An MT diagnostics tool. DiaMaT learns from corpora containing millions of translations but offers explanations on sentence level.

screenshot

Code accompanying the paper:

@inproceedings{Schwarzenberg_tse_2019,
  title = {Train, Sort, Explain: Learning to Diagnose Translation Models},
  booktitle = {Proceedings of the Annual Conference of the North American Chapter of the Association for Computational Linguistics (NAACL-HLT): Demonstrations.},
  author = {Schwarzenberg, Robert and Harbecke, David and Macketanz, Vivien and Avramidis, Eleftherios and M\"oller, Sebastian},
  location = {Minneapolis, Minnesota, USA},
  year = {2019}
  }

Info

DiaMaT deploys the iNNvestigate toolbox.

To facilitate the replication of experiments, if this repo is cloned, 500 MB of data will be directly downloaded from the GitHub LFS server.

Installation

Clone repo w/ lfs:

git lfs clone https://github.com/DFKI-NLP/diamat.git

If the lfs download fails, download diamat/data/output.zip (and other files) from here.

Download embeddings:

wget https://dl.fbaipublicfiles.com/fasttext/vectors-wiki/wiki.de.vec
wget https://dl.fbaipublicfiles.com/fasttext/vectors-wiki/wiki.en.vec

Link wiki.de.vec and wiki.en.vec in ./data/input/word_vectors (see ./data/input/config.INI)

Use Python 3.6, e.g.:

conda create --name diamat python=3.6

Activate environment:

source activate diamat

Install requirements (if CUDA GPU is available install tensorflow-gpu==1.7.0):

pip install -r requirements.txt

Install SpaCy language models

python -m spacy download de
python -m spacy download en

Run / Replicate Experiments

Please, first validate data/input/config.INI.

Unzip ./data/output.zip.

Run train.py and then explain.py, afterwards link data/output/explain.jsonl in server/static/input, e.g.:

CUDA_VISIBLE_DEVICES=0 python3 train.py 2>&1 | tee -a ./data/output/fit_gpu_deeplee_quadro.log &&
CUDA_VISIBLE_DEVICES=0 python3 explain.py 2>&1 | tee -a ./data/output/fit_gpu_deeplee_quadro.log &&
ln -s ../../../data/output/explain.jsonl ./server/static/input/explain.jsonl 2>&1 | tee -a ./data/output/fit_local.log

Then start the server:

cd server &&
sh run_flask.sh

Visit

firefox localhost:5000

Data

All preprocessed data needed to replicate the experiments is contained in ./data/output

  • ./data/output/train.jsonl > 1M JSON lines to train the text classifier
  • ./data/output/val.jsonl > 100k JSON lines to validate the classifier during training
  • ./data/output/xtrain.jsonl > 100k JSON lines to train the explainability method (if needed)
  • ./data/output/explain.jsonl > ca 20k JSON lines to test DiaMaT on (drawn from the official WMT test sets / excluding WMT13)

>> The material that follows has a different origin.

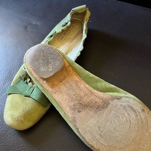 Green COACH flats, suede. No repairs have been don’t to the shoes souls.
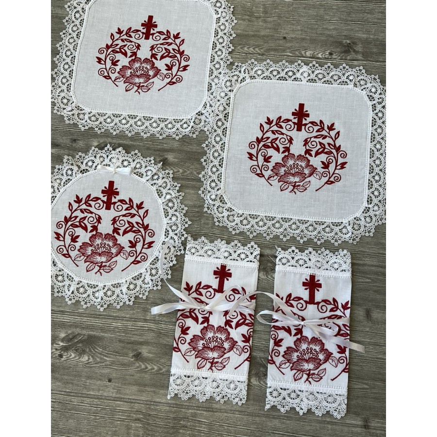 Набір платочків на вінчання з білої тонкої бавовни та мережива з машинною вишивкою бордовим шовком. В комплекті- два платочки тримати вінці (25х25см) та два тримачі на свічки ї кругла серветка під обручки.

./data/output/explain.jsonl contains contributions (from the experiments) which are overwritten by explain.py

How to use your own data:

  • Prepare three parallel text files: source.txt, machine.txt and human.txt
  • Then run:
python preprocess.py

Afterwards ./data/output/bundle.jsonl contains the bundled texts, tokens, indices etc. Rename bundle.jsonl, replace source.txt, machine.txt, human.txt and repeat the step if you would like to preprocess more data.

Update ./data/input/config.INI and run train.py and explain.py again.

Update server/static/input/explain.jsonl w/ the new explanations and run the server again.